注目のイラン出身オランダ在住シンガー、Sevdalizaの新譜
イラン生まれ。5歳の頃に難民としてオランダに移住、2017年に『Ison』でデビューしたシンガーソングライター、セヴダリザ(Sevdaliza)の2ndアルバムとなる新譜『Shabrang』がリリースされ、世界各国で大きな反響を巻き起こしている。
ペルシャ神話に登場する“夜色の純血種”の馬、シャブラン・ベフザド(Shabrang Behzād)に由来するタイトルが冠された本作は、ダークで妖艶な雰囲気のヴォーカルと、アコースティックピアノを軸に、大胆にエレクトロニカで仕立てられた他に類を見ない個性的な作品になっている。楽曲はとても美しいが、どういうわけか、とてつもなく恐ろしくもある。
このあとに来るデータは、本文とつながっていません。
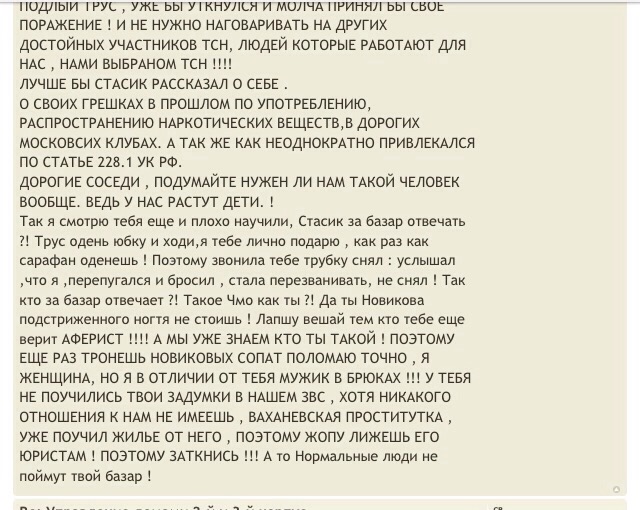 Раз удалил эти сообщения из-за прямых оскорблений, сейчас думаю пусть висят - очень хорошо всю эту компанию характеризует. Без комментариев все понятно, что за люди. Много про меня они врали, но фантазия больная не знает предела. Теперь и наркотики сюда приплели))) И судимость за наркотики :!: . Один раз меня в жизни судили - за организацию палаточного городка на ЖК ЗВС.

アルバムの中で彼女が表現しているのは虐待、ナルシシズム、薬物乱用、死、失恋、放棄、絶望、メンタルヘルス、愛、情熱という10の主要なテーマだ。
この社会や、自分の人生がどこか間違った方向に進んでしまっていると感じるとき、このアルバムの音は刺すような痛みを伴って皮膚を突き抜け、骨まで染み込み、心の奥深くにまで入り込んでくる。とても強く、美しく、不思議な音楽だ。
“エレクトロニカ”のジャンルに分類されがちだが、主体はピアノを軸とした生演奏で、打ち込みの要素は少ない。むしろ録音された生演奏に対してエフェクト処理などのポスプロが多いことがこの分類の根拠だと思うが、彼女は本質的にライヴ向きのアーティストだろう。舞台表現も含めた総合的なセルフプロデュースが彼女の魅力でもある。
(8)「Gole Bi Goldoon」はイランの国民的女優/歌手、グーグーシュ(Googoosh)の1974年の楽曲のカヴァー。ここではピアノとストリングスのみの伴奏で郷愁の感情を呼び起こす。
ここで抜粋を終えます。